12:30 - 12:45 p.m.: Robert Burger, M.D., Director of the Women's Cancer Center
Breast and gynecological cancers represent a third of all cancers in women and account for a fourth of all cancer deaths in women. Building on decades of research and progress against these cancers, Fox Chase Cancer Center will launch the region's first Women's Cancer Center later this year, with surgical oncologist Dr. Burger as its founding director. His vision is for the Women's Cancer Center to become a national resource for best clinical practices and collaborative research in women's cancers. Dr. Burger is also the co-director of the Ovarian Cancer Research Program, and his own research interests include risk assessment and prevention for ovarian cancer and the development of targeted therapeutics for gynecologic cancers.
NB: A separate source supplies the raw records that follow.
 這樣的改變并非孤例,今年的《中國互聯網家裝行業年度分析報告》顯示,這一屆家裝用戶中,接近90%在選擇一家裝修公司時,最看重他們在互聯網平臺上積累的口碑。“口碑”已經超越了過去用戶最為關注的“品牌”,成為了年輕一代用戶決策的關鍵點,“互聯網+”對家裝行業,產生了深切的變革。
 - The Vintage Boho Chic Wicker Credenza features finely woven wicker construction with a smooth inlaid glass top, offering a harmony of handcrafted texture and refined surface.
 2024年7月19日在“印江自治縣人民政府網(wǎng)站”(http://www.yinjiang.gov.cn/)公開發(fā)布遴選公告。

He is the principal investigator for a major clinical trial evaluating bevacizumab in patients with advanced ovarian cancer - the largest study of its kind in the world, with the potential to change the standard of care for this disease.
12:15 - 12:30 p.m.: Eric Horwitz, M.D., Acting Chairman of the Department of Radiation Oncology
Fox Chase has pioneered some of the world's leading radiation therapy tools, including Intensity-Modulated Radiation Therapy (IMRT), ultrasound-guided targeting, image-guided radiation therapy (IGRT), and magnetic resonance imaging. Under Dr. Horwitz's leadership, Fox Chase continues to work to advance the field of radiation oncology, this year becoming the first site in North America to use High-Intensity Focused Ultrasound (HIFU) for cancer treatment, for example. HIFU uses sound waves to create heat that destroys cancer cells with great precision. On July 15, Fox Chase will open a world-class radiation therapy center in Bucks County that will offer state-of-the-art treatment capabilities such as the Calypso 4D localization system, the Trilogy Linear Accelerator with Rapid Arc, the LightSpeed RT 16 CT Simulator, and the CyberKnife Robotic Radiosurgery System. Dr. Horwitz is also the current president of the American Brachytherapy Society.
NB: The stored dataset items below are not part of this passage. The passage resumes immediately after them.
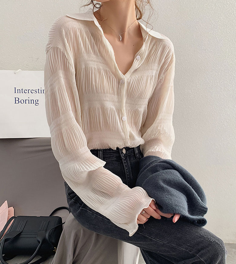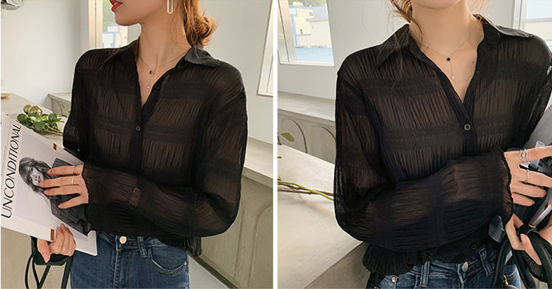 シフォンブラウス シアーブラウス ボリューム袖
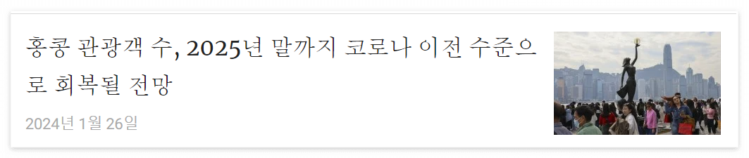 - 관광 회복 시점: 이 플랫폼에 따르면, 홍콩의 관광객 수는 2025년 말에 코로나 전 수준으로 회복될 것으로 예상되며, 2027년에는 9,400만 명에 달할 것으로 전망된다. 마카오와 다른 대만만연구구 도시들은 2024년에 회복될 것으로 예측된다.
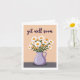 Envoyez à votre proche une carte de voeux chaleureuse et joyeuse pour aider à égayer sa journée. Imaginez une illustration numérique d'un joli bouquet de marguerites blanches aux centres jaunes vifs, accompagné de fleurs jaunes et de tiges vertes, le tout niché dans un délicat vase violet clair. Ces fleurs sont posées sur une surface gris foncé, ajoutant un contraste subtil à l'arrière - plan doux de couleur pêche. En haut à gauche de l'image, les mots "get well soon" sont écrits dans une police manuscrite dans une teinte mauve foncée apaisante. Cette carte dégage un sentiment de confort et de bien-être, parfait pour envoyer des pensées de guérison et des vibrations positives à quelqu'un de spécial. 🌼 💜
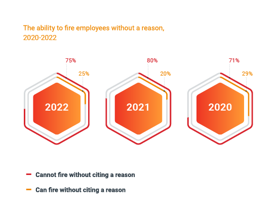 With labour laws often titled strongly in favour of the individual, organisations need to adhere to strict processes for hiring new employees, as well as for terminations, whether voluntary or involuntary.Infographic of the ability to fire employees without a reason

12:45 - 1:00 p.m.: Andrew Gumbs, M.D., Director of Minimally Invasive Hepato-Pancreatic and Biliary Surgery
Fox Chase is among a handful of institutions worldwide using robotics or laparoscopy to treat patients with nearly all types of cancer. This is due to a strong institutional commitment to making the benefits of these new minimally invasive surgical techniques - greater precision to protect nearby healthy tissues and preserve organ function, less overall trauma to the body, and faster, more complete recovery - available to all cancer patients. A recent recruit to Fox Chase from the Institut Mutualiste Montsouris in Paris, Dr. Gumbs exemplifies this commitment. He is advancing minimally invasive surgical techniques for cancer treatment almost daily. Since his arrival in December 2008, he has performed a series of first-in-the-region, first-in-the-nation, and even first-in-the-world cancer surgeries, sometimes saving the lives of patients who were told elsewhere that their cancer was inoperable. He is also involved in developing new technologies to add to the minimally invasive surgeon's arsenal.